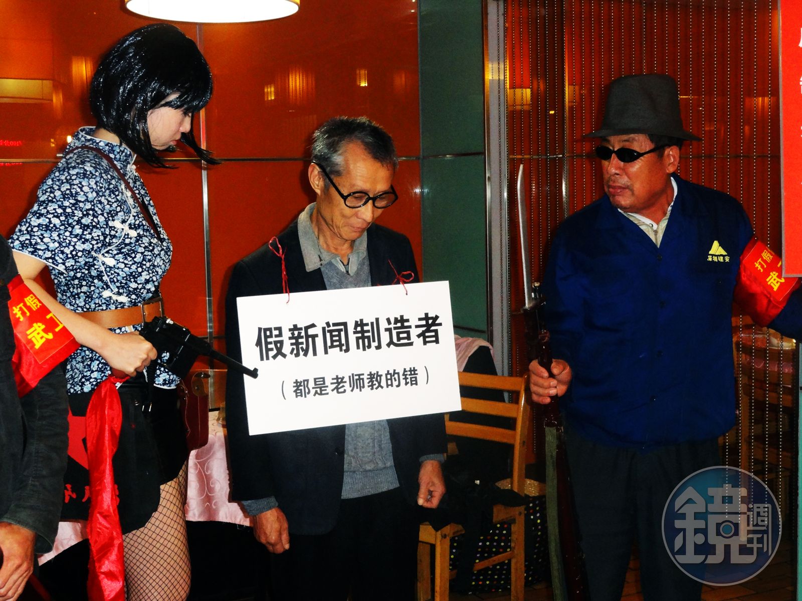 中國的深圳的街頭劇場,由扮演武工隊隊長的張筱雨,公審「假新聞製造者」。(東方IC)發布時間:2017.12.29 11:00 臺北時間
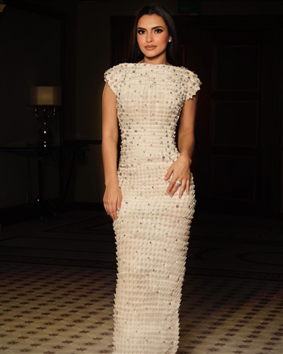 وأطلت كارمن سليمان بفستان أبيض طويل وضيق مع أكمام قصيرة وفتحة من الظهر، يظهر رشاقتها… والفستان من مجموعة زفاف إيلي أبو فيصل لـ2024، وكان بسيطا مزين بالفصوص.
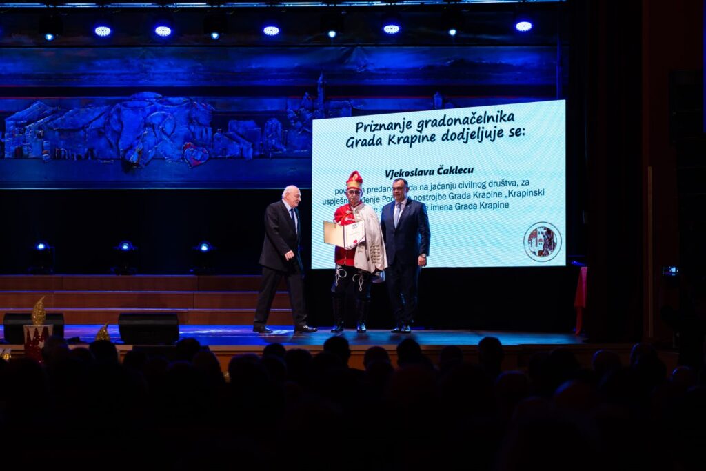 Priznanje gradonačelnika dobili su Vladimir Vidović za osobit doprinosa u unapređenju lokalne zajednice i Vjekoslav Čaklec za predani rad na jačanju civilnog društva, za uspješno vođenje Počasne postrojbe Grada Krapine, Krapinskih Ilirca te za promicanje imena grada.
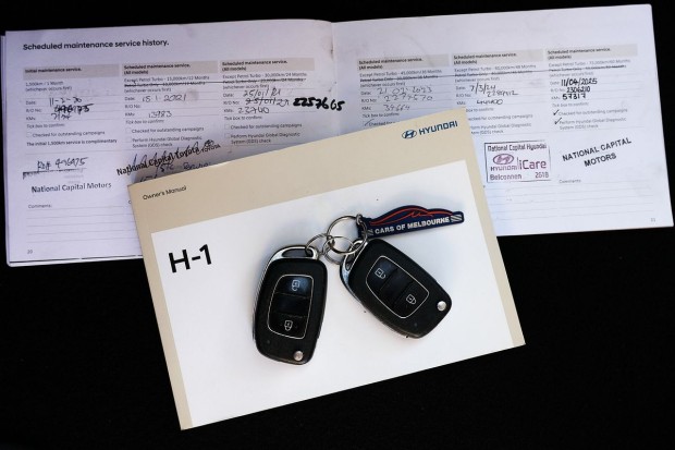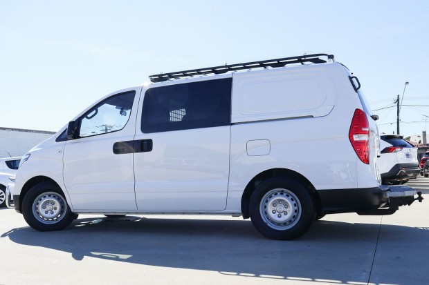 Hi there, thanks for checking out our vehicle online, would you like to know a bit more about it and our dealership? Simply send us a message via text, email, or phone, and we will be in contact with you shortly to discuss getting you into your next vehicle today!Some of our Highlighted Features on this vehicle include TRADESMAN STEP WITH TOW BAR, TRADESMAN ROOF RACK WITH LADDER ROLLERS, REAR SHELVING, NUDGE BAR, FULLY ENCLOSED CARGO BARRIER, REVERSE CAMERA, APPLE CAR PLAY & ANDROID AUTO, CRUISE CONTROL, USB INPUT, BLUETOOTH, 2x KEYS and an EXCELLENT HYUNDAI Service History.

##############################

(WHAT YOU SHOULD DO):
The complete listing must be transcribed verbatim, and all pictures are to be omitted.

(TASK RESPONSE):
 中國的深圳的街頭劇場,由扮演武工隊隊長的張筱雨,公審「假新聞製造者」。(東方IC)發布時間:2017.12.29 11:00 臺北時間
 وأطلت كارمن سليمان بفستان أبيض طويل وضيق مع أكمام قصيرة وفتحة من الظهر، يظهر رشاقتها… والفستان من مجموعة زفاف إيلي أبو فيصل لـ2024، وكان بسيطا مزين بالفصوص.
 Priznanje gradonačelnika dobili su Vladimir Vidović za osobit doprinosa u unapređenju lokalne zajednice i Vjekoslav Čaklec za predani rad na jačanju civilnog društva, za uspješno vođenje Počasne postrojbe Grada Krapine, Krapinskih Ilirca te za promicanje imena grada.
 Hi there, thanks for checking out our vehicle online, would you like to know a bit more about it and our dealership? Simply send us a message via text, email, or phone, and we will be in contact with you shortly to discuss getting you into your next vehicle today!Some of our Highlighted Features on this vehicle include TRADESMAN STEP WITH TOW BAR, TRADESMAN ROOF RACK WITH LADDER ROLLERS, REAR SHELVING, NUDGE BAR, FULLY ENCLOSED CARGO BARRIER, REVERSE CAMERA, APPLE CAR PLAY & ANDROID AUTO, CRUISE CONTROL, USB INPUT, BLUETOOTH, 2x KEYS and an EXCELLENT HYUNDAI Service History.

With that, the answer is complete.